A CÂMARA LEGISLATIVA DO DISTRITO FEDERAL DECRETA:
CAPÍTULO I
DAS DISPOSIÇÕES PRELIMINARES
Art. 1º Fica instituído o Estatuto de Defesa dos Direitos dos Usuários do Banco de Brasília - BRB, destinado a estabelecer orientações normativas que garantam ao usuário a prestação eficiente dos serviços, o exercício do crédito responsável e o cumprimento das funções institucionais de fomento à economia do Distrito Federal.
Art. 2º Para os efeitos desta Lei, será considerado usuário todo cidadão que, na qualidade de cliente ou não, utilize qualquer dos serviços prestados pelo Banco de Brasília - BRB.
Art. 3º São princípios norteadores do relacionamento do Banco de Brasília - BRB com seus usuários:
I - a transparência de informações;
II - o atendimento eficiente;
III - a vedação aos métodos comerciais coercitivos e desleais;
IV - a publicidade em padrões claros e sem enganos;
V - a resolução rápida dos conflitos;
VI - a política de crédito responsável;
VII - a desburocratização dos serviços.
CAPÍTULO II
DOS DIREITOS EM ESPÉCIE
Seção I
Do direito à transparência de informações
Art. 4º É direito dos usuários do Banco de Brasília a obtenção integral de informações referentes a todos os serviços prestados pela instituição em meio acessível, didático e, preferencialmente, virtual, na forma do regulamento.
Parágrafo único. É obrigatória a divulgação de informações atualizadas referentes:
I - ao funcionamento das agências bancárias e dos canais de atendimento ao usuário;
II - às cláusulas contratuais padrões em contratos de empréstimo;
III - às taxas de juros aplicáveis a cada linha de crédito, com simulações que demonstrem, claramente, o efeito dos juros ao longo do período do contrato e a aplicação deles em caso de inadimplência;
IV - aos requisitos e etapas para acesso às diversas linhas de crédito do Banco;
V - ao direito à portabilidade de créditos para outras instituições;
VI - aos mecanismos de solução de conflitos entre os usuários e a instituição.
Art. 5º Aos usuários é devida a disponibilização, na forma do regulamento, de canal apto à obtenção imediata de informações acerca do seu relacionamento com a instituição, compilando, em um só lugar:
I - os serviços contratados junto à instituição;
II - os valores contratados para cada serviço, com memorial descritivo dos valores pagos, do saldo devedor e do valor restante para quitação imediata do contrato;
III - o inteiro teor de todos os contratos assinados entre o usuário e a instituição.
Seção II
Do Direito ao Atendimento Eficiente
Art. 6º Os usuários possuem o direito ao atendimento eficiente por meio de uma central unificada de resolução de conflitos.
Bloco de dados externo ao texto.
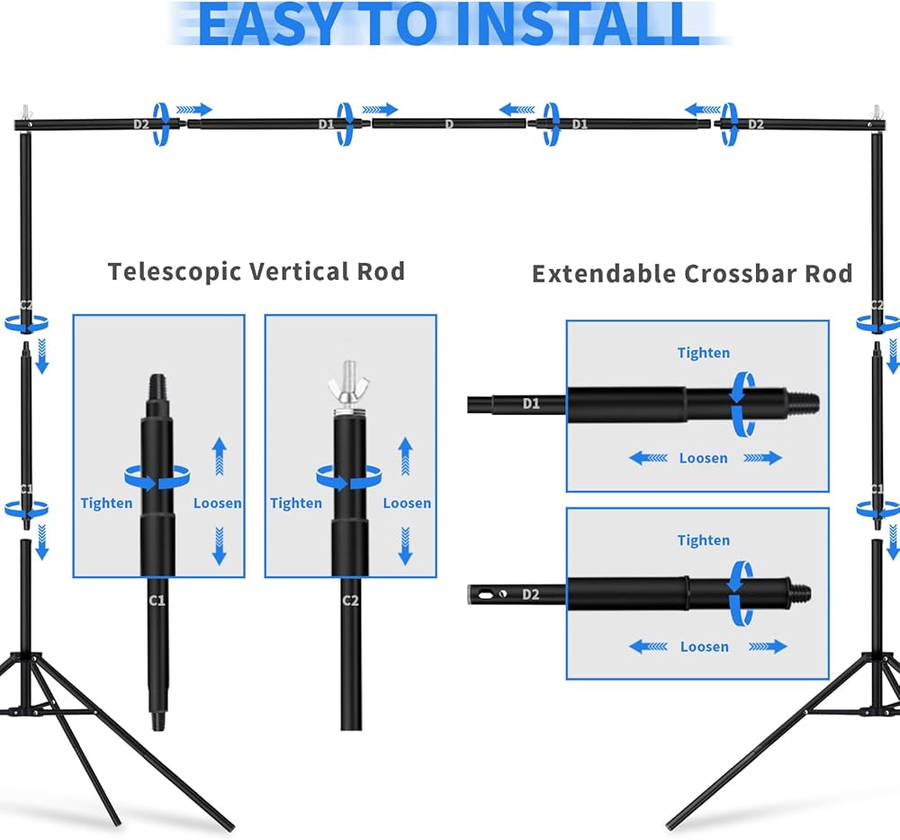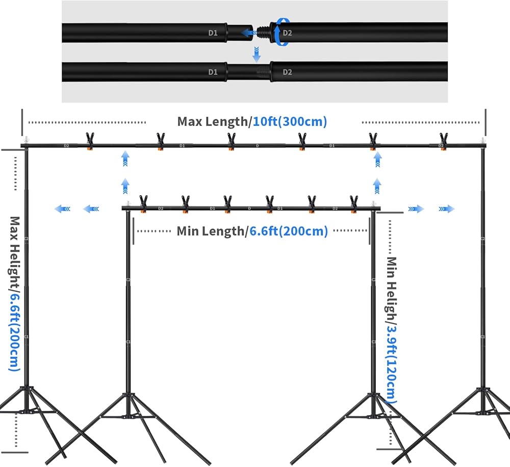 سهل التجميع: يتميز حامل الخلفية بقفل خيط مدمج لسهولة التركيب والاتصال الصلب. يمكن تلسكوب العارضة والقضبان الرأسية لحامل الخلفية وتعديل الارتفاع والطول وفقًا لاحتياجاتك

Parágrafo único. A central de que trata o caput deverá disponibilizar mecanismos de solução imediata das solicitações consideradas simples, na forma do regulamento.
Seção III
Do Direito ao Crédito Responsável
Art. 7º É direito do usuário do Banco de Brasília - BRB o acesso ao crédito responsável.
Art. 8º A política de crédito responsável do Banco de Brasília - BRB será definida por regulamento, devendo respeitar as seguintes diretrizes:
I - análise da condição de solvabilidade de cada devedor no momento da concessão de crédito, a fim de que não haja comprometimento ao mínimo existencial;
II - oferecimento da linha de crédito mais benéfica ao consumidor, em detrimento das linhas de crédito mais agressivas;
III - não concessão de novos créditos para usuários que atingirem o percentual de 50% de sua renda mensal bruta comprometida com outros débitos creditícios com a instituição;
IV - vedação de abordagens comerciais que ofereçam ou estimulem a obtenção de novos empréstimos por usuários com contratos de empréstimo em vigor, aposentados, pensionistas ou outros que se enquadrem como vulneráveis, na forma do regulamento.
§1º É vedado à instituição descontar da conta-corrente do usuário percentual superior ao definido no inciso III, contabilizando-se, para esse fim, os empréstimos oriundos da consignação em folha de pagamento e os efetuados diretamente em conta-corrente.
§2º A vedação prevista no inciso IV não se aplica à hipótese de oferecimento de linhas de crédito com condições de pagamento mais benéficas do que as contratadas pelo usuário.
§3º É direito do usuário, ao contratar qualquer linha de crédito bancário com a instituição, o recebimento de manual que descreva, didaticamente e em linguagem acessível, as principais cláusulas do contrato e o comportamento da dívida ao longo do tempo, com destaque para os efeitos de eventual inadimplemento do contrato.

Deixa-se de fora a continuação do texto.